Repeat every line of the data exactly; no picture belongs in the copy.

GIVEN DATA
────────

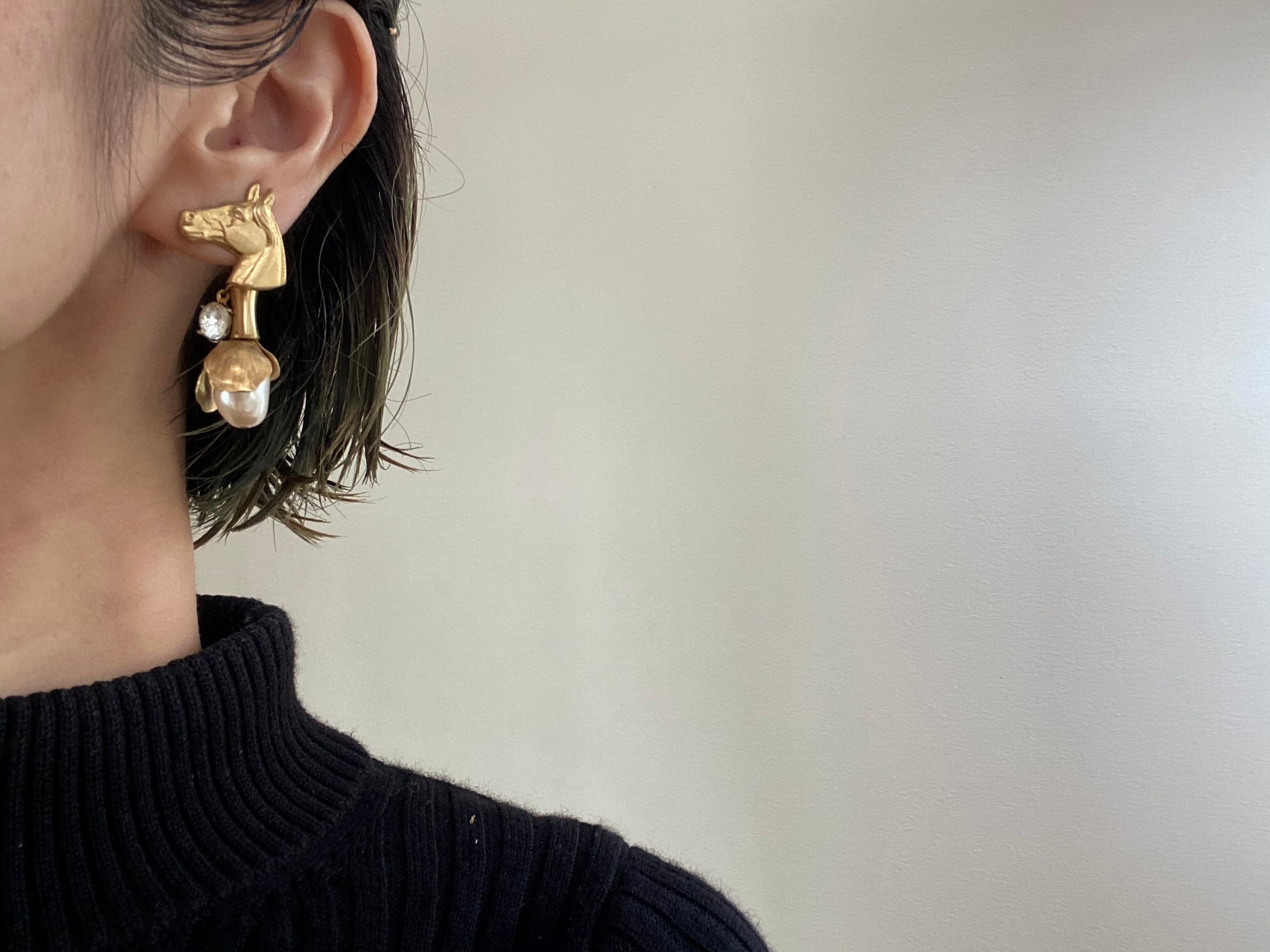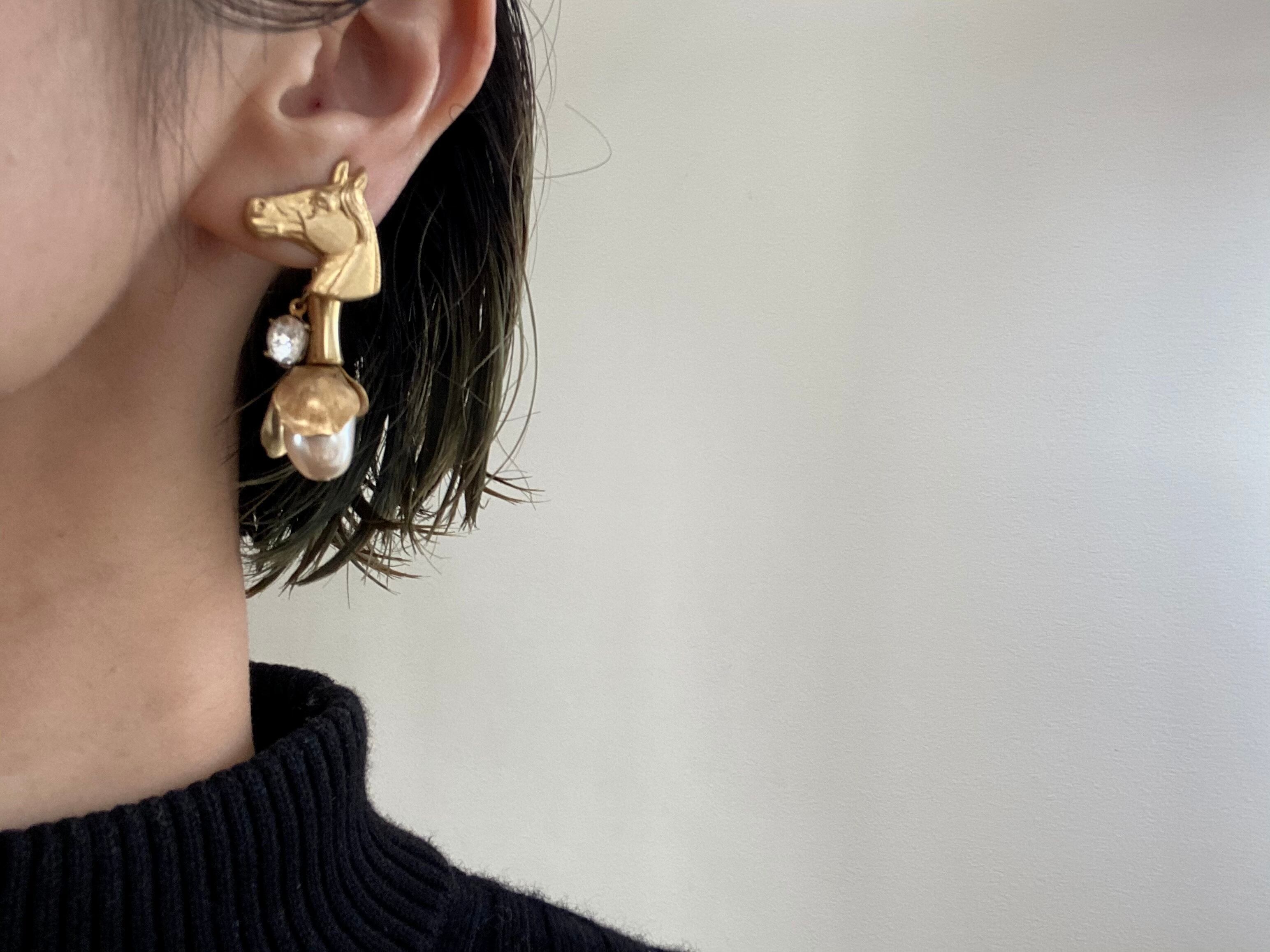 様々なロマンチックな雰囲気を持つヴィンテージパーツを、馬の個性が加わる事で、甘いだけじゃないユーモアを感じさせます。
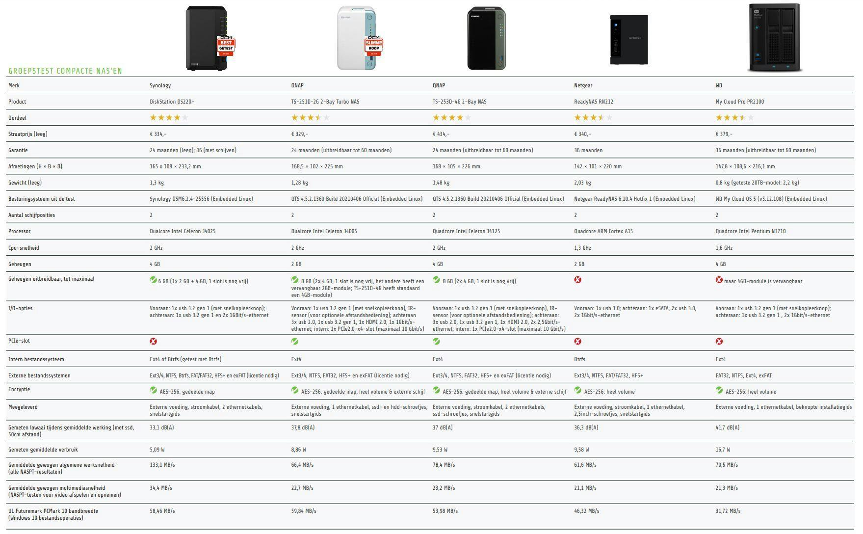 Om dit vlot te laten verlopen, is soms wel een uitbreiding van het geheugen tot minstens 4 GB nodig. Vooral voor de Intel-gebaseerde apparaten is 2 GB eigenlijk te weinig en kies je het best direct voor de versie met meer geheugen. De best presterende nas en winnaar van het keurmerk Best Getest is de Synology DiskStation DS220+. De QNAP TS-251D krijgt het keurmerk Slimme Koop, maar investeer als het kan direct in het model met 4 GB geheugen.
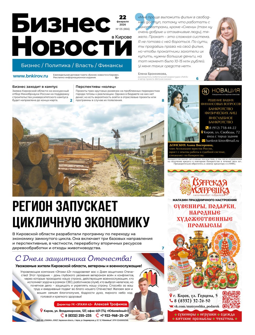 Свежий номер газеты «Бизнес новости в Кирове» активно распространяется.
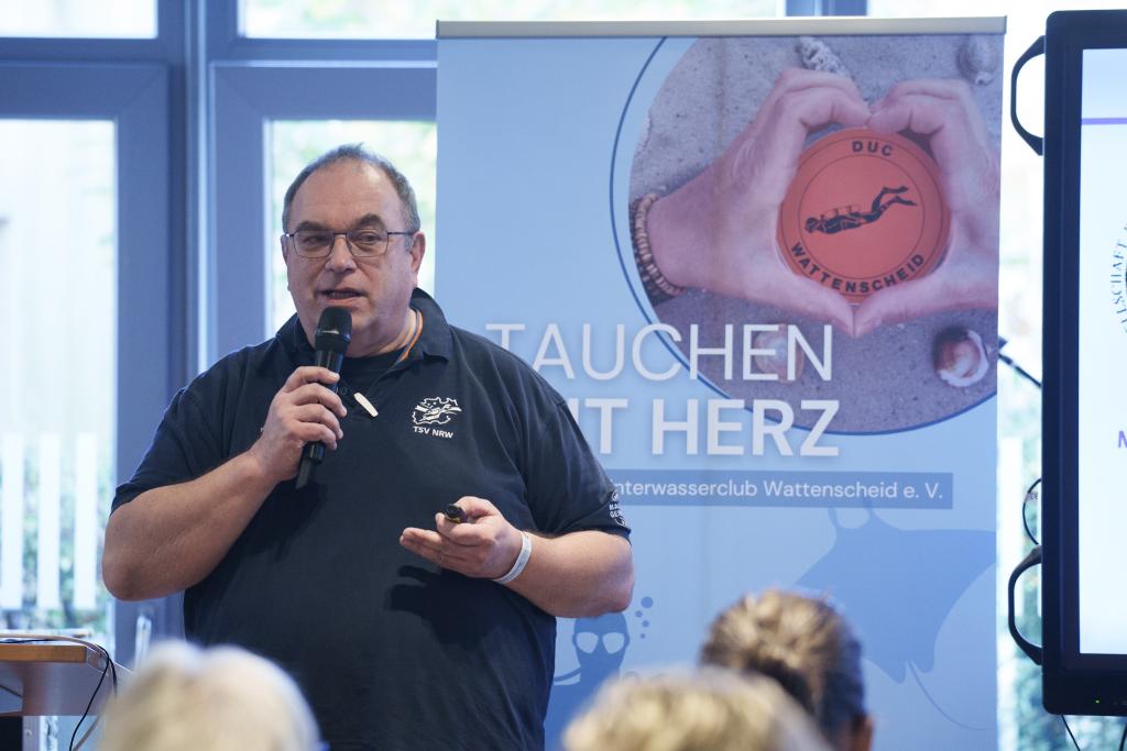 Mit dem Thema SIPE (Schwimmerlungenödem) führte Dr. Karl-Heinz Schmitz ein medizinisches Risiko vor Augen, das vielen aktiven Taucherinnen und Tauchern bislang kaum bekannt war. Seine verständliche Darstellung von Symptomen, Risikofaktoren und Prävention fand große Aufmerksamkeit.

────────

RESULT OF THIS TASK
 様々なロマンチックな雰囲気を持つヴィンテージパーツを、馬の個性が加わる事で、甘いだけじゃないユーモアを感じさせます。
 Om dit vlot te laten verlopen, is soms wel een uitbreiding van het geheugen tot minstens 4 GB nodig. Vooral voor de Intel-gebaseerde apparaten is 2 GB eigenlijk te weinig en kies je het best direct voor de versie met meer geheugen. De best presterende nas en winnaar van het keurmerk Best Getest is de Synology DiskStation DS220+. De QNAP TS-251D krijgt het keurmerk Slimme Koop, maar investeer als het kan direct in het model met 4 GB geheugen.
 Свежий номер газеты «Бизнес новости в Кирове» активно распространяется.
 Mit dem Thema SIPE (Schwimmerlungenödem) führte Dr. Karl-Heinz Schmitz ein medizinisches Risiko vor Augen, das vielen aktiven Taucherinnen und Tauchern bislang kaum bekannt war. Seine verständliche Darstellung von Symptomen, Risikofaktoren und Prävention fand große Aufmerksamkeit.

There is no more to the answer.